Here's why:
The core scheme isn't powered by current product revenue but rather a massive, parallel bet on future dominance in compute, energy, data, and geopolitical positioning. The real money flow looks like this:
Hyperscalers (Microsoft, Amazon, Google, Meta, etc.) are pouring hundreds of billions annually into data centers, GPUs, and power infrastructure, not because their AI features are printing cash today (most aren't profitable yet), but because they cannot afford to fall behind in the infrastructure arms race. If one player controls the lion's share of the world's highest quality compute, they win distribution, talent, data advantages, and optionality on whatever breakthroughs come next. This is defensive capex on steroids: build it or be locked out forever.
Nvidia and the chip ecosystem sit in the middle, collecting obscene margins regardless of whether end users are paying $20/month for better chat. Demand comes from the buildout itself, the hyperscalers need the hardware to run training and inference at insane scale. Even with low current utilization in some facilities, the orders keep coming because no one wants to explain to their board in 2028 why they didn't secure enough H200s when everyone else did.
Geopolitics and national security turbocharge the whole thing. Governments (especially the US and allies) view frontier AI compute as strategic infrastructure on par with nuclear tech or energy grids. Sovereign AI initiatives, massive partnerships (like Stargate), and export, control theater all feed into the same loop: spend now or risk permanent second rate status. China accelerating despite restrictions only intensifies the race.
Valuation mechanics and circular capital keep the flywheel turning.

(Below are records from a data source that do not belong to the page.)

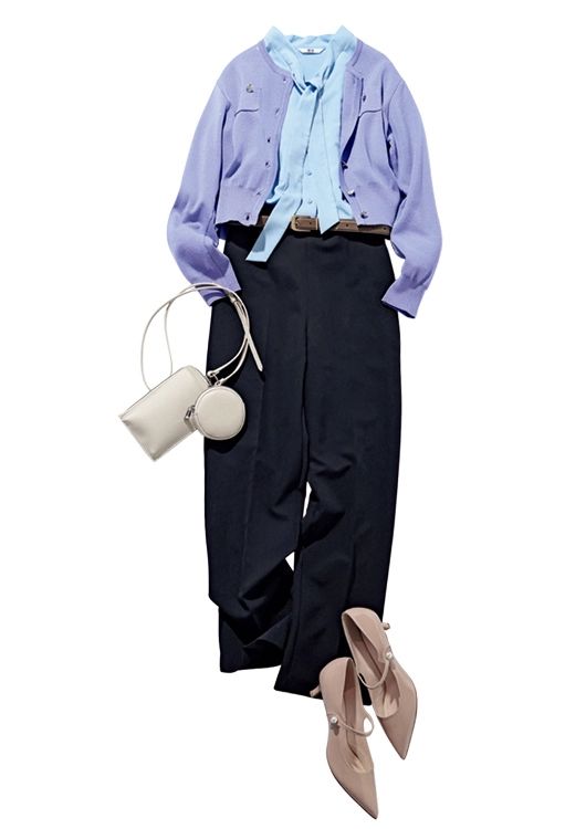 セットアップ(パンツ)¥19,910/ミラ オーウェン ルミネ新宿2店 ニットカーディガン¥18,700/カデュネ ボウタイブラウス¥2,990/UNIQLO ストラップパンプス¥18,700/ダイアナ(ダイアナ 銀座本店) ベルト¥990、ショルダーポーチ¥1,990/ともにGU
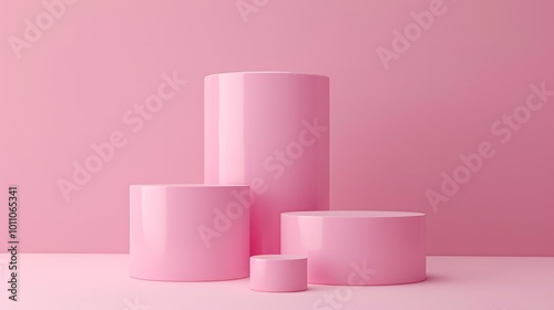 The image shows a minimalistic and aesthetically pleasing setup with a pink background and two cylindrical podiums of varying heights
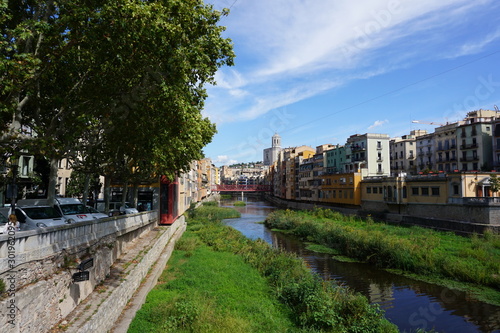 © Agnieszka, Obraz premium Girona, Spain, view from Post de Pedra, colourful buildings at the Riu Onyar
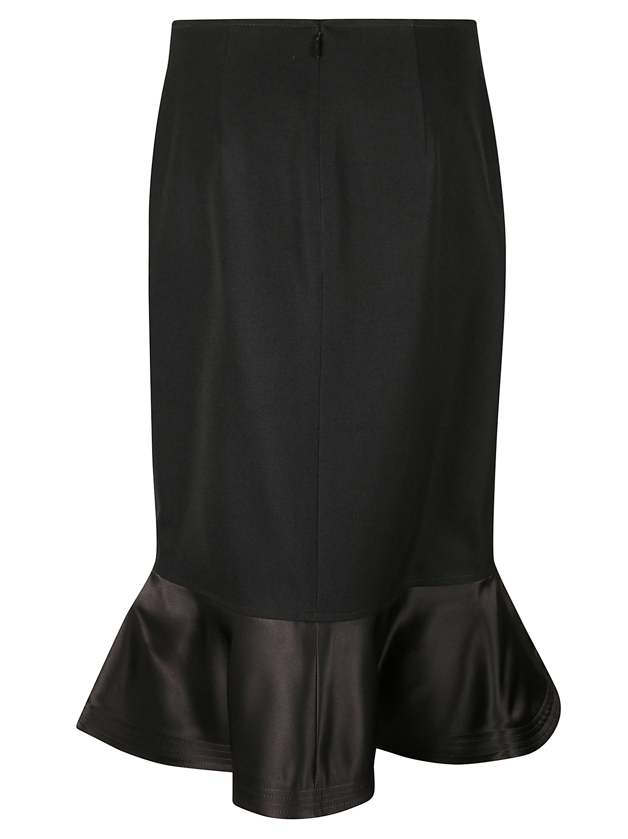 Grain De Poudre midi skirt by FENDI in black wool, featuring a high waist, a peplum silhouette that is fitted at the waist and flared at the hem and a zip fastening.
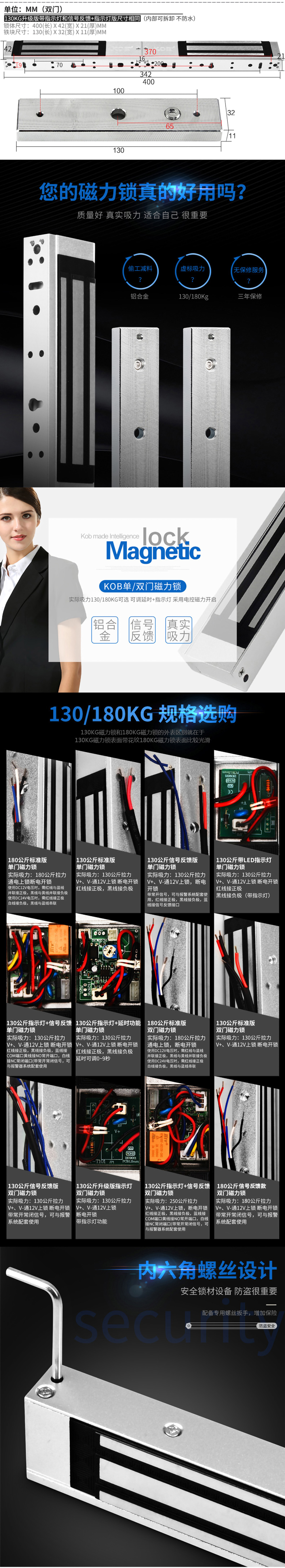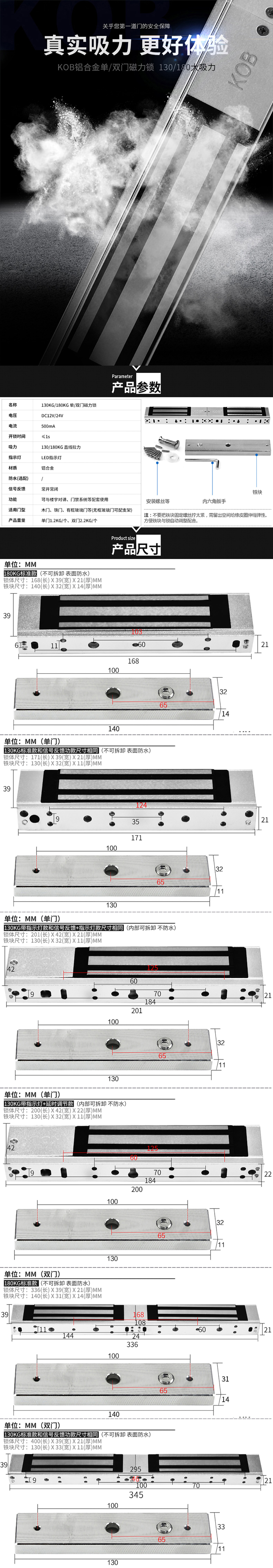 KOB双开门磁力锁电子电控磁吸延时信号反馈门禁电磁锁

Labs raise at high valuations on the promise of AGI/ASI optionality (a call option on world changing tech), hyperscalers justify capex by pointing to "AI tailwinds," Nvidia prints money on the capex wave, and investors recycle gains back into the ecosystem. It's largely self reinforcing, and that won't change because of "not enough ChatGPT Plus subs." It'll change when the cost of capital spikes, power grids hit hard limits, or a geopolitical shock resets priorities.
The "AI bubble" is about who ends up owning the digital oil rigs of the 21st century, vast compute clusters, energy contracts, and talent pools. Those bets are being placed on existential option value and strategic necessity, not quarterly SaaS ARR. Many AI products could remain heavily subsidized or low margin forever. Many startups will die. Valuations will correct (hard). But the underlying capital flood into compute infrastructure? That continues until physics, geopolitics, or interest rates say otherwise, not until someone cancels their $20 subscription.
tacostakohashi•18m ago
Maybe that works in markets with big moats, switching costs, barriers to entry and stuff, but for commodities, not so much.